Criminal Law Blog

D.C. Council: The presumption is in favor of release of juveniles. DCCA: No, seriously, it is.



In re K.G.
 (decided February 15, 2018)

Players: Associate Judges Beckwith and Easterly, Senior Judge Ruiz. Opinion by Judge Easterly.  PDS for K.G. Trial Judge: Jennifer M. Anderson.

Facts:  K.G., a child, plead involvement to a count of possession of cocaine, and returned to his grandmother's custody pending disposition.  K.G. was later arrested for new drug offenses that were allegedly committed after he turned 18, and thus were charged in adult court.  Although K.G. had been released in his adult case five weeks earlier, the Office of the Attorney General asked him to be placed in secured detention.  The court granted this request, finding that K.G. was a "significant danger to others."  First, the court noted that distribution of cocaine is defined as a "dangerous crime" under the adult detentions statute.  The court also relied on "technical violations" of K.G.'s supervision, such as curfew violations, failure to enroll in drug treatment, and failure to complete computer training.

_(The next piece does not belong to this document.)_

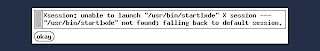 X-session unable to launch "/usr/bin/start/xde" X-session not found "/usr/bin/start/xde" falling back to default session.on re-start. A little x-session voodoo?

K.G. filed an interlocutory appeal pursuant to D.C. Code § 16-2328(a).

Issue: Was detention of K.G. authorized by the juvenile detention statute?

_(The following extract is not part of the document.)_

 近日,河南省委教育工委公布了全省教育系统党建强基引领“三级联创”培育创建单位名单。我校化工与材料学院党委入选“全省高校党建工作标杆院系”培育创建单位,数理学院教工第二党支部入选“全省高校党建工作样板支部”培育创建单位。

Holding:  No. The DCCA provided guidance on amendments to the juvenile detention statute, D.C. Code § 16-2310, that went into effect in April 2017.  Section 16-2310 now further restricts a judge’s authority to order detention.  Under the amended statute, a child can only be detained if that child represents a “significant harm” to the person or property of others, or is a flight risk. Until this case, there was no answer to the question about what exactly “significant harm” means.

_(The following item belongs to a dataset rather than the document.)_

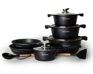 Vrlo opsežan set dobar je prvi korak ka dobrom i zdravom kuhanju. Posude imaju visokokvalitetni mramorni premaz i prikladne su za sve izvore topline, uključujući indukciju i pećnicu (osim ručki). Ukratko, ovaj set posuđa ne smijete propustiti imati u svom domu!

The DCCA explained that a child can be detained only if “their particular behavior could cause direct, significant harm to the person or property of a particular individual (or individuals).”  Further, a “generalized harm to the District community at large” is insufficient for detention.  This language brings many changes to the way children were previously detained in juvenile court.

First, technical violations such as not attending school or class, positive drug tests, failing to enroll in drug treatment, or curfew violations are the types of behaviors that are insufficient for detention under § 16-2310, and therefore they are not to be considered in a detention analysis. Second, the standard means that the presumption against detention is much stronger and has teeth. Third, in cases that do not involve a firearm, the court must look to “case specific information” to make the significant harm finding.  Fourth, although the DCCA does not prescribe a particular formula for what behavior would amount to a significant harm, we know that at least a kid on release pending disposition after pleading guilty to possession of cocaine, who was rearrested on adult distribution of cocaine charges, and had technical violations (school, curfew, and drug testing) is not a significant harm to the person or property of others.

Of Note:

  • Any attorney practicing in juvenile court needs to read K.G. in full to understand its impact on juvenile detention.
  • A quick word on procedure regarding D.C. Code § 16-2328: The DCCA made it clear that a detained child, whose case is pre-trial or pre-disposition, is entitled to an emergency interlocutory appeal under § 16-2328. However, § 16-2328 only applies to the original order detaining the child order by a family court judge and not to later orders denying motions for reconsideration of detention. Because § 16-2328(a) requires the notice of appeal to be filed within two days of the detention order, defense counsel must make a quick decision as to whether to appeal.  The filing of an appeal does not bar defense counsel from also moving to reconsider the detention ruling in the trial court.—Terrence Austin, guest blogging.